[Start of Attachment]

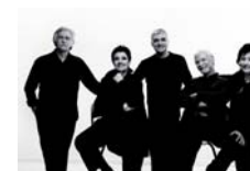
EL CONSORCIO SÁBADO 10. 22:00 H.
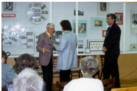
1999. április 8.
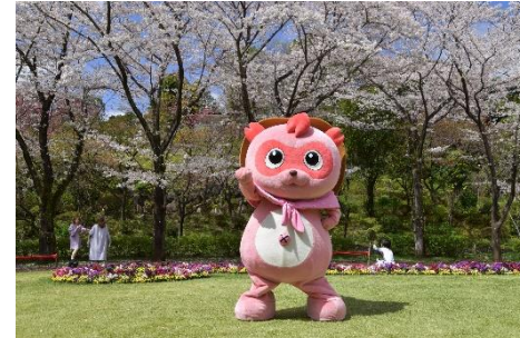
貸出画像「ピンぽん(過去の様子)」
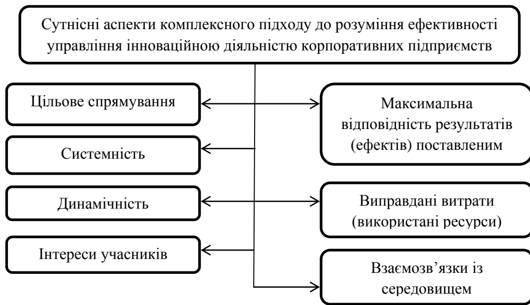
Рис. 1. Комплексний підхід до розуміння сутності ефективності управління інноваційною діяльністю корпоративних підприємств (розроблено автором на основі аналізу)

Під ефективність управління інноваційною діяльністю корпоративних підприємств доцільно розуміти узагальнюючу категорію, яка відображає рівень досягнення поставлених цілей шляхом порівняння результатів (ефектів) із понесеними витратами чи задіяними ресурсами через якісні та кількісні показники з урахуванням інтересів учасників інноваційної діяльності і динамічного впливу на процес управління параметрів внутрішнього та зовнішнього середовища (рис. 2.).
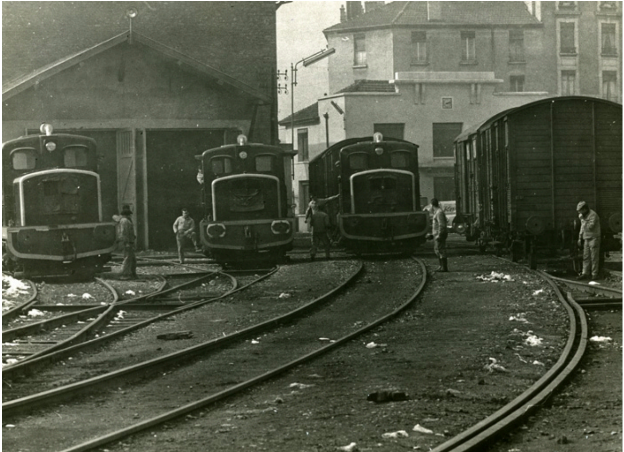
Magasins Généraux vers 1964
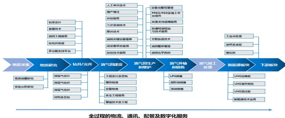
图 1：海油发展主要业务范围示意图

本报告期，公司主要围绕海洋石油生产环节，为海上油气资源的稳产增产提供技术及装备保障服务，并持续拓展陆上非常规油气田技术服务业务，同时通过物流、销售、配餐等能源物流服务提供全方位综合性生产及销售支持。公司抓住能源转型大势，瞄准“双碳”目标，以数字化为抓手，加快推进绿色转型和数字化产业发展。公司以技术服务支持生产，以产品带动技术服务，以物流服务联通技术服务与产品销售，形成了综合性强、风险抵御能力强的业务竞争优势。
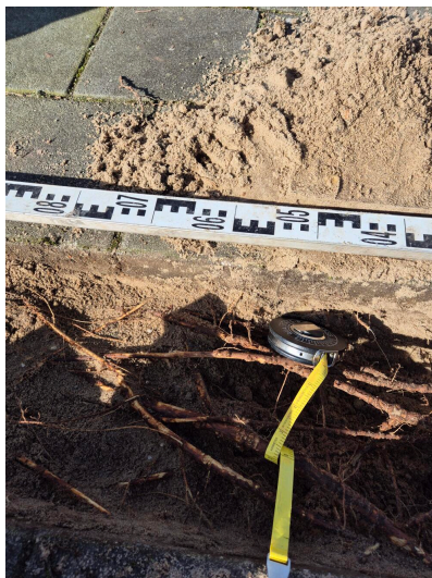
Figuur 3.8 haar- en voedingswortels
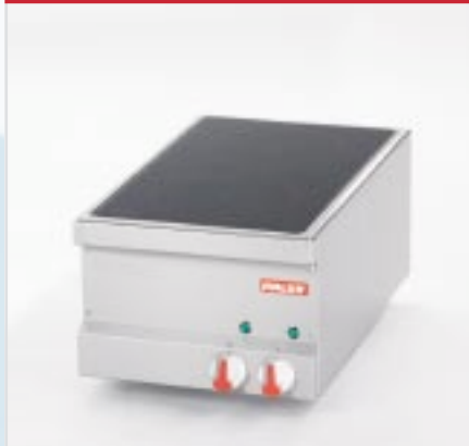
BistroLine Ceranherd zum Kochen und Braten
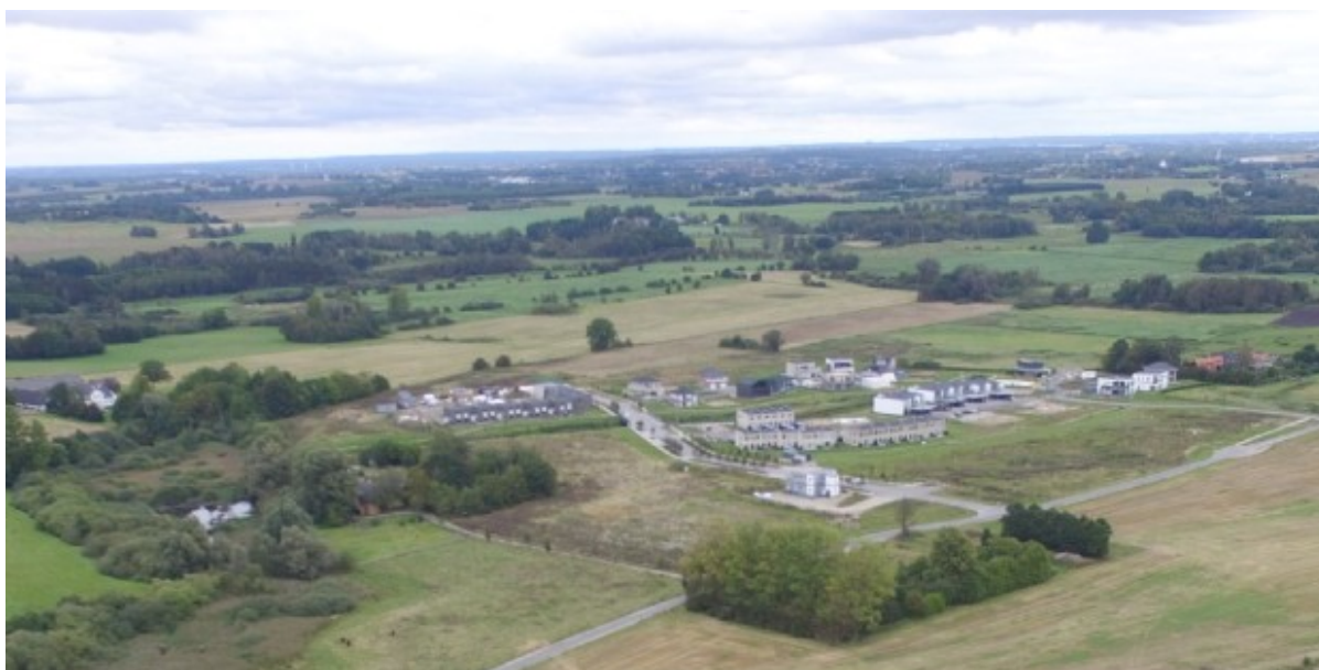
Luftfoto af Deltakvarteret i Vinge.

En lokalplan for de tre storparceller vest for Deltakvarteret er nu endeligt vedtaget. Dermed er plangrundlaget på plads for kommende byggeri på grundene, som i øjeblikket er i udbud.
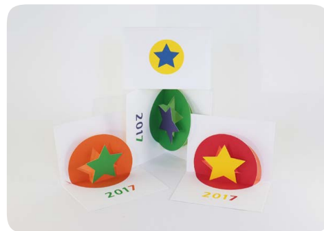
Cartes de vœux étoilées 2017 de MHT Pop up.
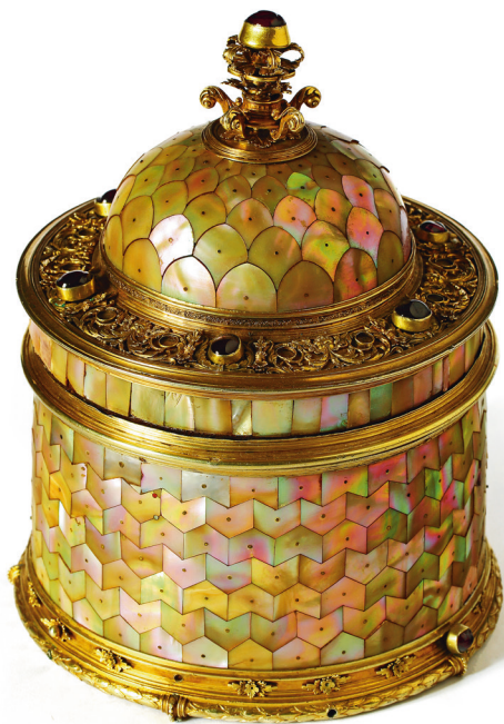
Relikwiarz św. Szczepana, Norymberga, ok. 1530 r.
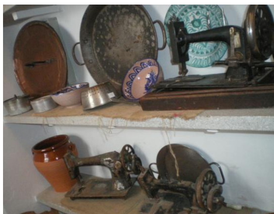
Detall d'unes màquines de cosir situades en una "cantarera". Casa de Niceto Alcalà-Zamora

Cal destacar l'abundància de les màquines de cosir a la llar. Aquest fet s'explica tenint en compte que moltes dones cosien i feien la roba per altra gent. Es tractava d'una activitat molt corrent, especialment quan arribava alguna festa en què s'havia d'estrenar alguna peça de roba. Tant era així que va començar a sovintejar l'ofici de lesmodistes. Confeccionaven els vestits comprant els metres de tela als magatzems de Santa Clara o de Bansell, que oferien la següent taula de preus: tela amb dibuixos, 0.4 pessetes per metre; sedes estampades o llana de colors llisos, 2.50 pessetes per metre; trajo blau per a mecànic, 10 pessetes la unitat. 42
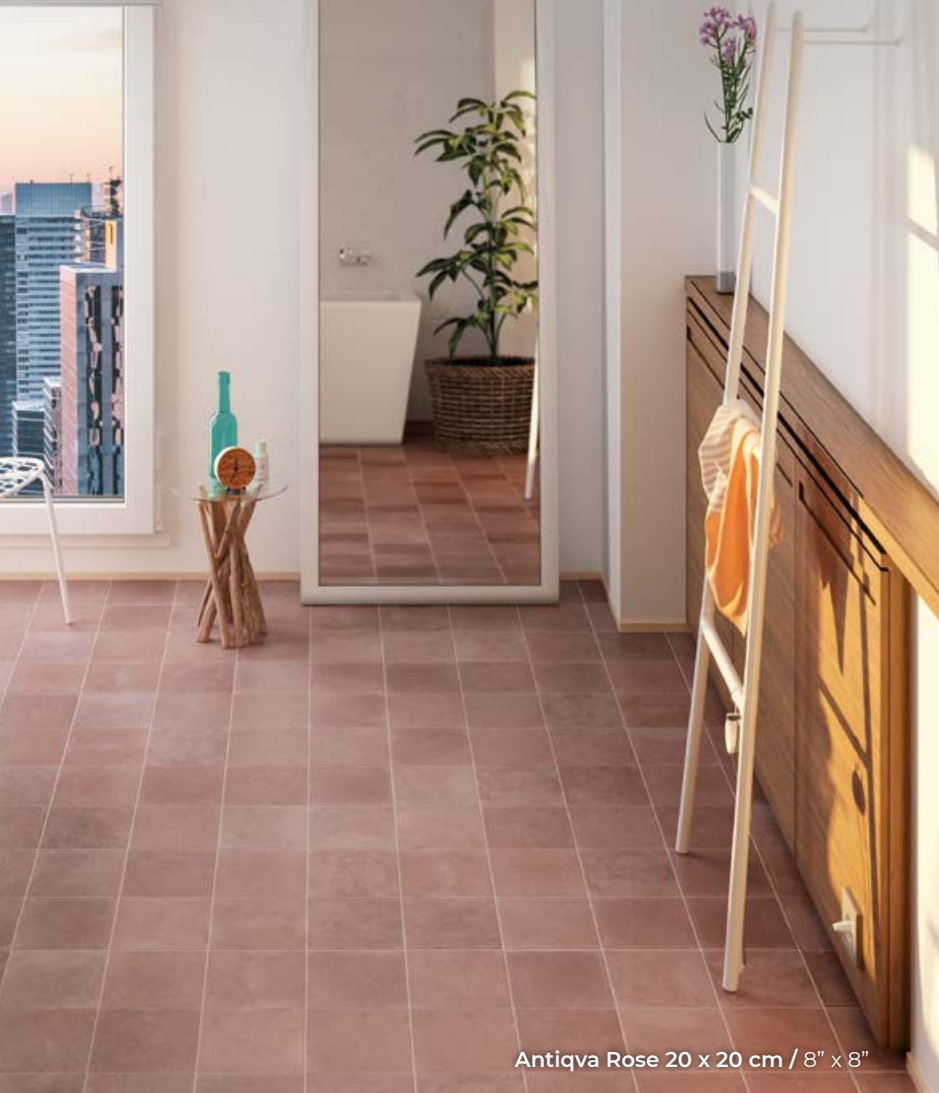
Antiqua Rose 20 x 20 cm / 8" x 8"
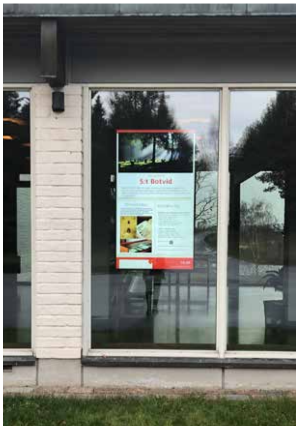
KGF har installerat en digital skärm i fönstret på St Botvids kapell
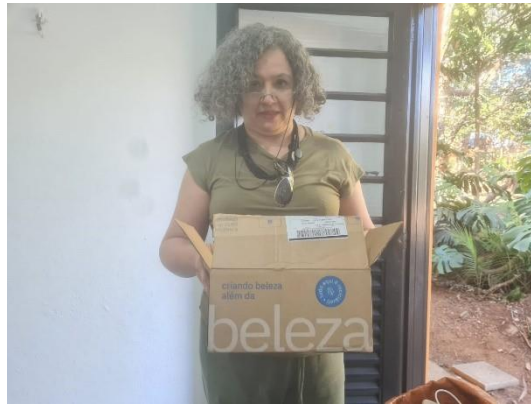
(49573) Esquilo, filhote, encontrado em residência, entregue por munícipe de Campo Limpo Paulista, no dia 24-06-24.
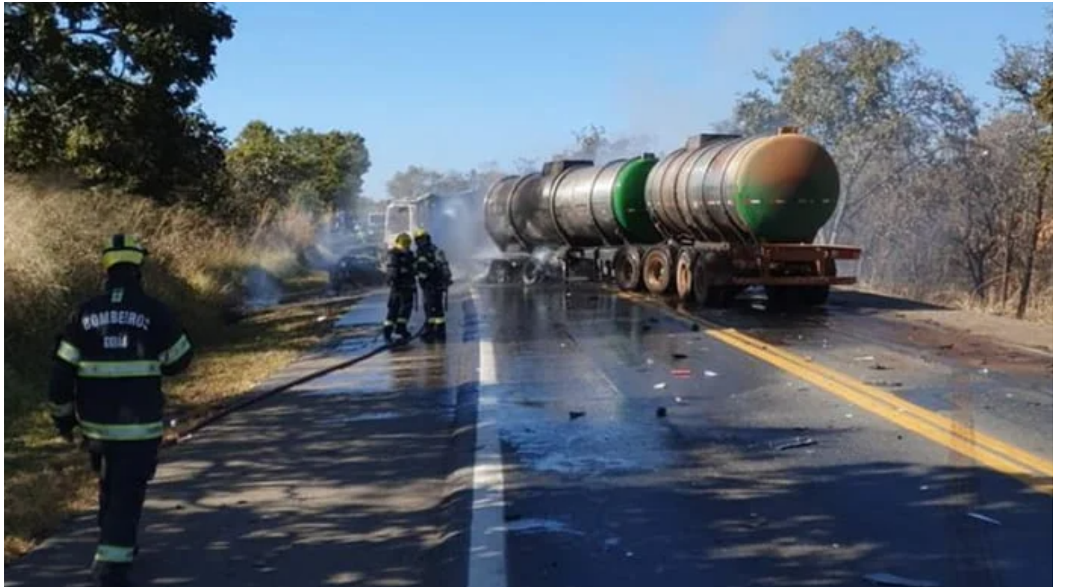
Imagens gravadas por testemunhas que circulam na internet mostram os veículos em chamas

Relatos do Corpo de Bombeiros detalham que o motorista do caminhão afirmou que o carro de passeio tentou ultrapassá-lo, mas acabou colidindo com a lateral do tanque. O acidente ocorreu na direção de Cristalina. Imagens gravadas por testemunhas que circulam na internet mostram os veículos em chamas e o trânsito
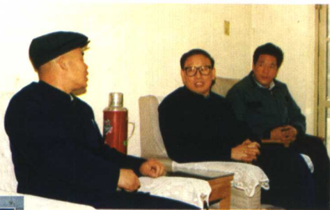
1990年，国家土地管理局王先进局长听取永济土地管理工作汇报
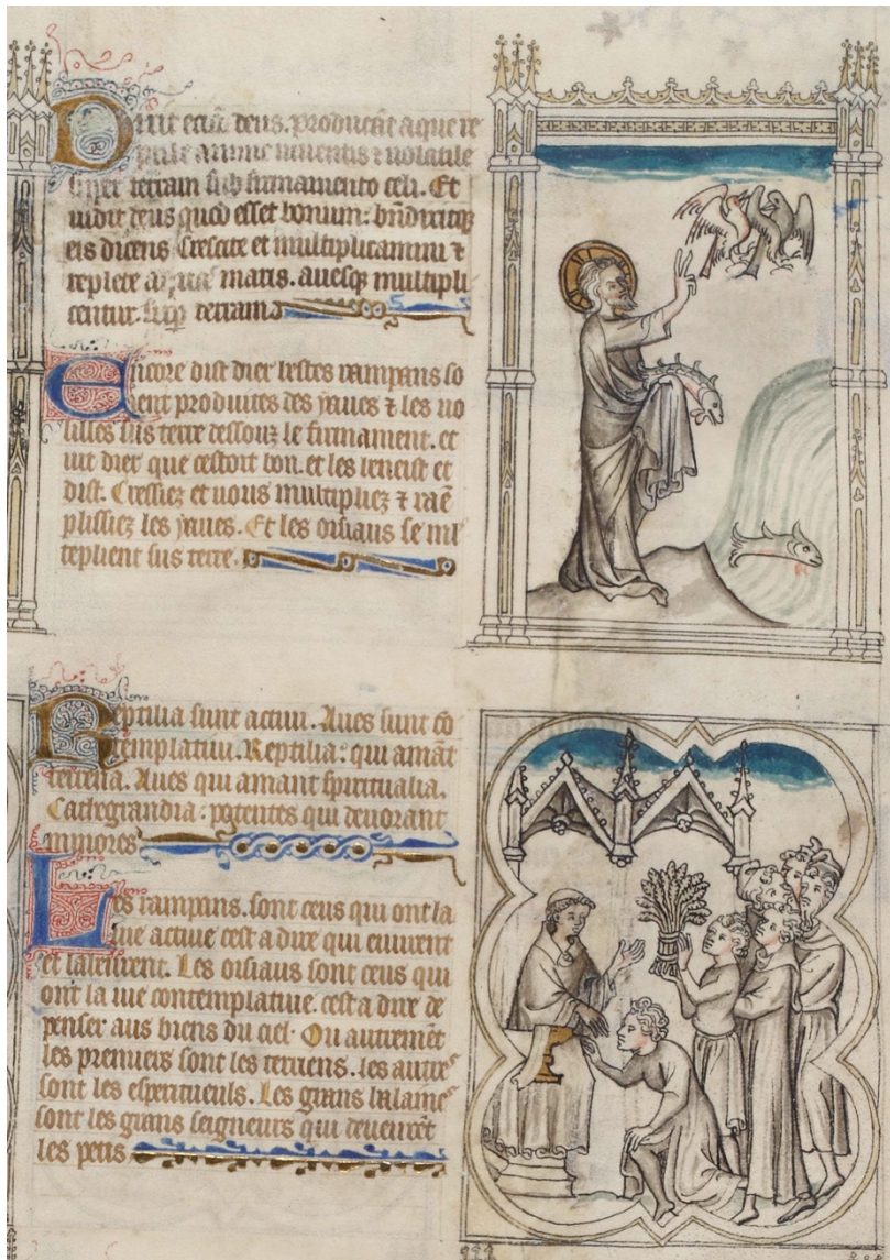
Ill. 3 – Gn 1, 20-22 : Paris, BnF, fr. 167, fol. 1v (C/c)

[End of Attachment]

Report, for the data above, every line in which the string "gravadas" appears.

Imagens gravadas por testemunhas que circulam na internet mostram os veículos em chamas
Relatos do Corpo de Bombeiros detalham que o motorista do caminhão afirmou que o carro de passeio tentou ultrapassá-lo, mas acabou colidindo com a lateral do tanque. O acidente ocorreu na direção de Cristalina. Imagens gravadas por testemunhas que circulam na internet mostram os veículos em chamas e o trânsito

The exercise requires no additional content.